I’ve done advisory projects that have included common stock as part of the compensation. And I’ve learned the hard way that the common stockholders are the last to get paid, and it’s even worse if you’re not an employee.
Every company goes through ups and downs. Even successful companies may have a “down round” along the way, where the existing stockholders get crammed down by investors (existing and/or new). The usual mechanism for this is anti-dilution protection, which protects existing investors if there’s ever a follow-on round at a lower valuation.

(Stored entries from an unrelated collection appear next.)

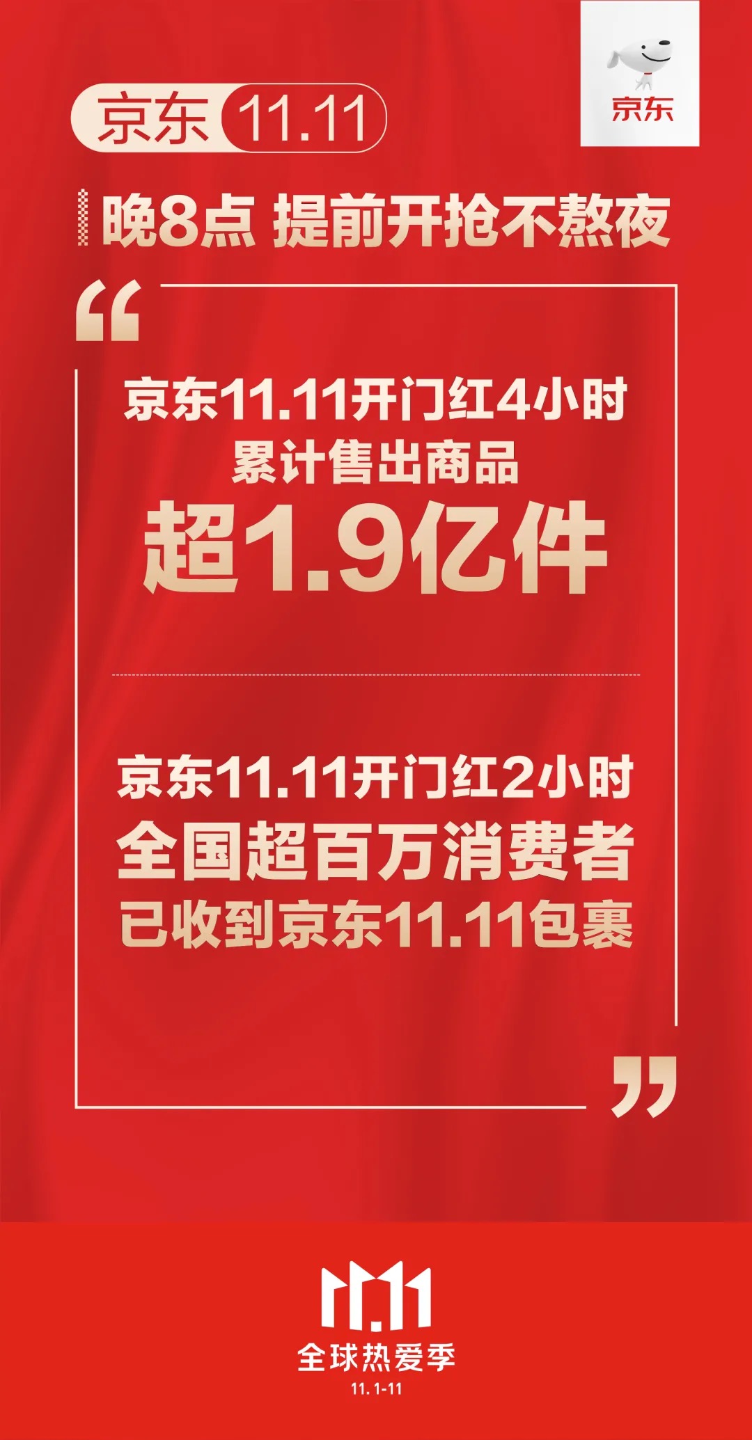 速途網11月1日訊(報道:喬志斌)10月31日晚8點,2021年京東11.11全球熱愛季正式開啟,開始的4個小時內,京東累計售出商品超1.9億件;而截至31日22點的兩小時內,全國超百萬消費者已經收到京東11.11包裹。
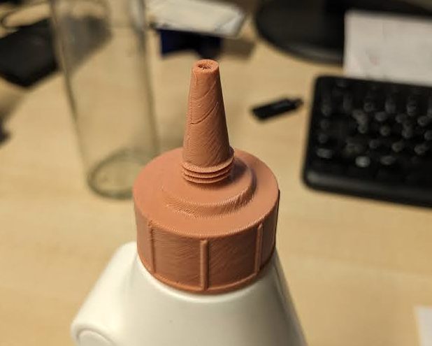 Thiết kế lại nắp chai. Tôi in bằng "organic support" vì nó không lý tưởng cho in 3D. Tuy vậy, nó vẫn hoạt động tốt với tôi. Phần này dành cho chai Ponal lớn 550g.
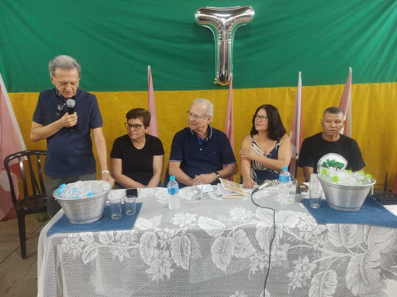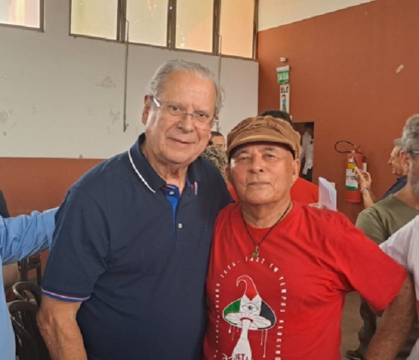 Na visita do ex-ministro e deputado Zé Dirceu, na quinta-feira (12), e em reunião na hora do almoço no clube de campo do Sindicato dos Bancários, a composição de mesa com Adelino Ferreira, Diolinda Alves (assessora da deputada Sâmia Bomfim, do PSOL), o visitante, Sônia Auxiliadora (presidente do PT em Prudente) e Zélito Luz da Silva (coordenador do MST)
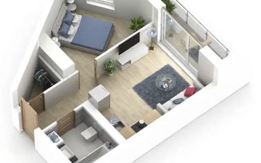 Całkowita powierzchnia mieszkania: 34,84 m²

Or, if the company is in a really tough spot, a new investor will insist existing investors convert their preferred stock to common, before investing at some rock-bottom valuation.

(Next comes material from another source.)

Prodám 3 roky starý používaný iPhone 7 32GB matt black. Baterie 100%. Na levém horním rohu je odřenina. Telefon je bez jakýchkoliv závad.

The net effect is that common stock holders take a massive dilution hit (say, like 95%). Now, the investors realize that employees need meaningful ownership, so they will “re-up” everyone with grants to get to a reasonable percentage. This ownership may be more or less than the pre-dilution percentage, based on how important the company feels the employee’s contribution is. The re-ups almost always start vesting over again, so the founders (vs the developer that was hired a month ago) get hit the hardest — their clock is reset.
And if you’re a non-employee, you’re totally screwed. I’ve never seen a company re-up anyone who’s not integral to things going forward (and you can’t blame them).
There’s nothing you do about this, other than to factor it into your thinking about stock compensation for a consulting or advisory project.